# Dublin law firm faces €25m damages bill over bank loans



## Brendan Burgess (16 Mar 2012)

From [broken link removed]

*Dublin law firm faces €25m damages bill over bank loans*





> Mr Justice Brian McGovern said the breach of duty by BCM Hanby  Wallace to KBC was “egregious” and “most serious” because the firm not  only failed to ensure proper security was in place but deliberately  misled the bank by either suggesting security was in place or the funds  would not be released to the borrowers until security was in place.
> 
> 
> The  breach of duty amounted to “a deception” because the firm was aware the  required security was not in place but led the bank to believe it was,  he said.
> ...


Or as they say on their [broken link removed]: 



> *Your Legal Business Partners*
> 
> *ByrneWallace is one of the largest, most progressive and dynamic law firms in Ireland.*
> 
> ...


----------



## McCrack (17 Mar 2012)

Have you a question Brendan?


----------



## Brendan Burgess (17 Mar 2012)

Not really.

It's just a very interesting legal case. 

It's extraordinary that a judge would describe the practice of a large legal firm as "deception". 

From today's



> BYRNE WALLACE expressed shock at yesterday’s High Court ruling, and is believed to be considering appealing the decision.“We’re  clearly very disappointed with the outcome and shocked at the  suggestion of deception.

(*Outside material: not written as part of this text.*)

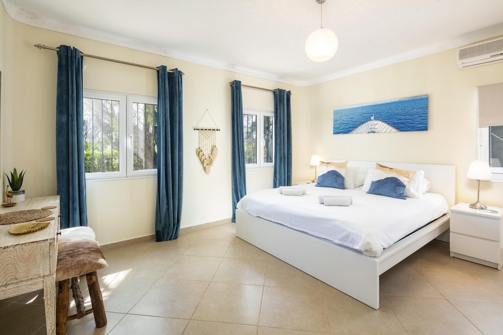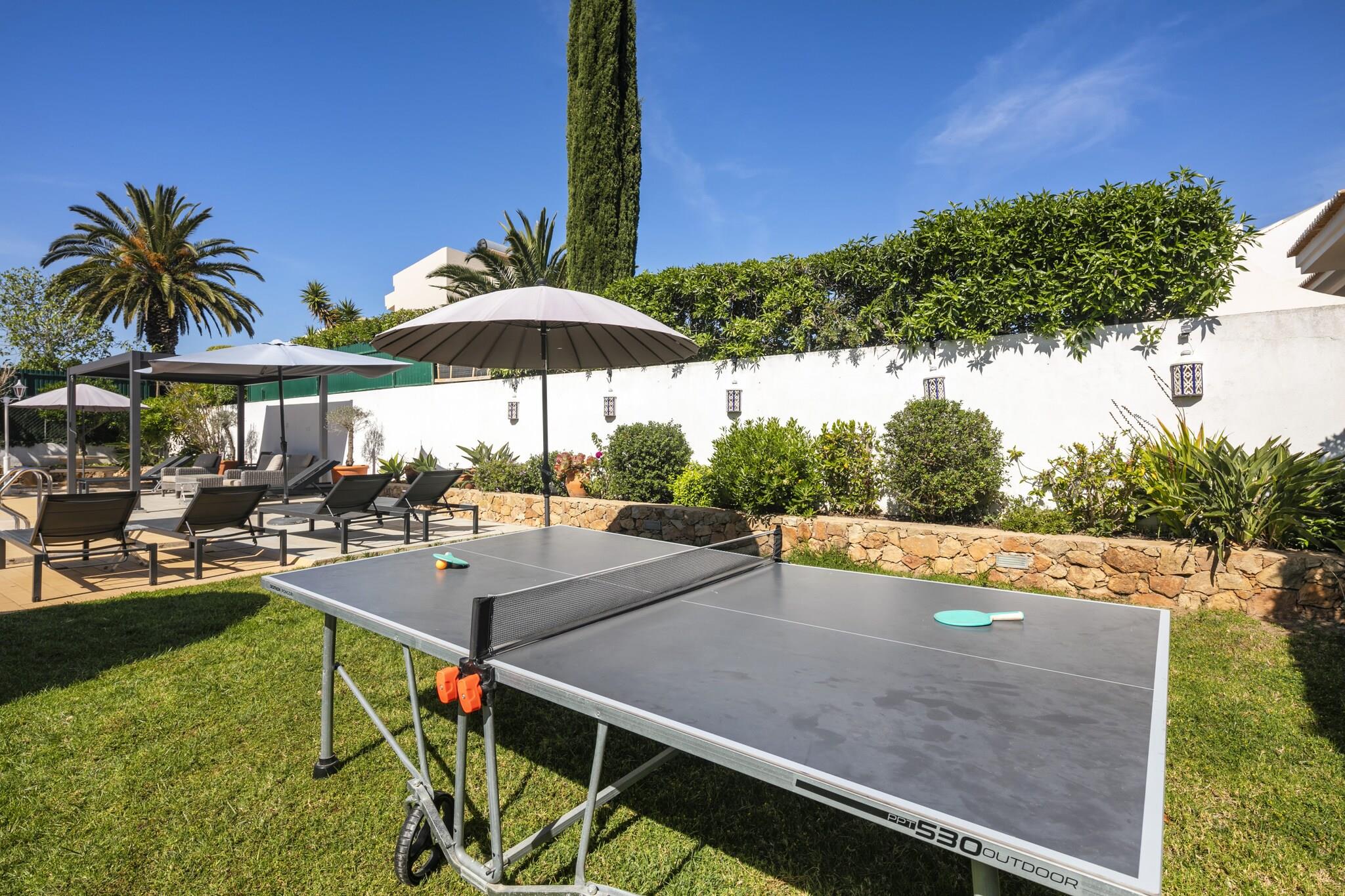 Discover an ideal family retreat in this stunning 5-bedroom villa located in the beautiful coastal town of Carvoeiro, Algarve. Spacious and thoughtfully designed, this accommodation is perfect for families, couples, and friends seeking a memorable holiday experience in Portugal. With an impressive 240 square meters of living space on a generous 1,100 square meter plot, this villa comfortably accommodates up to 10 guests. Step outside to enjoy spectacular outdoor spaces, including a private heated salt-water swimming pool (8m x 4m), a sun terrace, and multiple lounging areas, ideal for soaking up the sun. Families will love the BBQ area, garden furniture, and fenced plot, providing a safe environment for children. Indoors, comfort is key with central heating, air conditioning, and floor heating for year-round enjoyment. Entertainment options include a smart TV with multiple channels, a stereo system, and a ping-pong table for family fun. Just 1.3 km from the stunning Praia do Carvoeiro and Praia do Paraíso beaches, the villa offers easy access to coastal attractions. Nearby amenities, including supermarkets, restaurants, and golf courses, enhance your experience. Additional features include free WiFi, beach essentials, outdoor shower, and a fireplace for cozy evenings. With private parking for 3 vehicles and an excellent location, this villa promises an unforgettable Algarve holiday. Please note: No pets are allowed, and the property is not suitable for youth groups. Smoking inside is prohibited.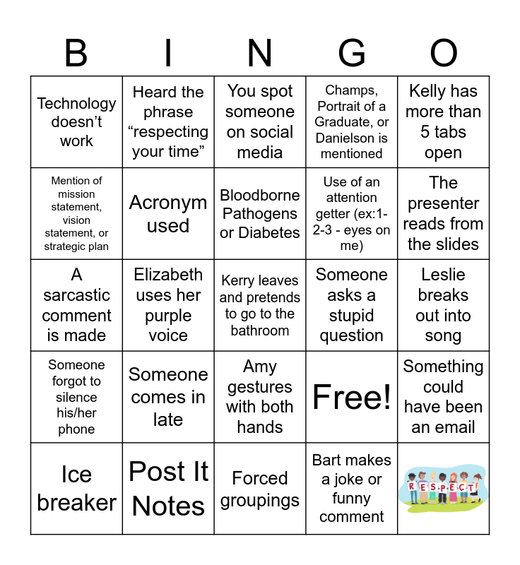 This bingo card has 1 images and 26 words: Free!, Use of an attention getter (ex:1-2-3 - eyes on me), Forced groupings, Mention of mission statement, vision statement, or strategic plan, You spot someone on social media, Heard the phrase “respecting your time”, Someone forgot to silence his/her phone, Someone asks a stupid question, Something could have been an email, A sarcastic comment is made, Champs, Portrait of a Graduate, or Danielson is mentioned, Ice breaker, Post It Notes, The presenter reads from the slides, Gallery walk, Acronym used, Bloodborne Pathogens or Diabetes, Someone comes in late, Technology doesn’t work, Leslie breaks out into song, Bart makes a joke or funny comment, Elizabeth uses her purple voice, Kerry leaves and pretends to go to the bathroom, Amy gestures with both hands, Kelly has more than 5 tabs open and Kristen updates her To-Do List.

We’re considering all our options going  forward,” a spokesman for the legal firm said.



Brendan


----------



## NOAH (2 Apr 2012)

why dont they get struck off???  what else must they do to achieve that accolade??
and we go on about berties few thousand,  now 25 milliion thats a tidy sum.

will await developments


----------



## mercman (3 Apr 2012)

There won't be any major developments. The Law society regulates themselves. A bit like Turkeys voting for Xmas.


----------



## Bronte (3 Apr 2012)

McCrack said:


> Have you a question Brendan?


 
All I can say is WOW. And I'll have to look up egregious unless someone more bright then me can enlighten me. 

What a warning to other solicitors and me as a consumer, don't rely on a solicitors undertaking. Ever. That's my reading of it. And there are solicitors undertakings all the time, on every property transaction in general.

This celtic tiger, it is only unbelievable what went on.


----------



## mathepac (3 Apr 2012)

*egregious:* conspicuously and outrageously bad or reprehensible, heavy stuff from his Judgeship.


----------



## Bronte (3 Apr 2012)

mathepac said:


> *egregious:* conspicuously and outrageously bad or reprehensible, heavy stuff from his Judgeship.


 
Oh so they're that bad. And if I understand correctly they are still in business. 

Their defence, and this from top lawyers was incredible. The bank, our client, shouldn't have loaned the money and therefore we as solicitors, whose sole job it was to secure the properties, did not do so, is that a correct understanding of their defence.


----------



## Purple (3 Apr 2012)

We need a tribunal.
Pay €300'000'000 to the politicians this time so that we can be told what we already know. 

By the way, there's no point in people acting shocked; why should solicitors be immune to the same culture that was endemic in this country for the last 40 years (and probably still is)?


----------



## Bronte (4 Apr 2012)

Purple said:


> By the way, there's no point in people acting shocked; why should solicitors be immune to the same culture that was endemic in this country for the last 40 years (and probably still is)?


 
Sorry but I find this case shocking. That a large Dublin firm could act so negligently, it's the basics of the job to make sure that title is good for the bank. But what I find even more shocking is that they are still in practice. Actually that last bit I'm not shocked at, it is not independant regulation after all. Still and all the boys in Blackhall place can't be too happy with this.  

What's interesting is that the original firm no longer exists, so how are KBC able to take a case against them. Also are the Law Society investigating them for this unbelievable level of work. 

There must a reason that it is now a new firm. I don't believe that any firm can repay 25 million and costs of millions. Will that be from the insurance fund. 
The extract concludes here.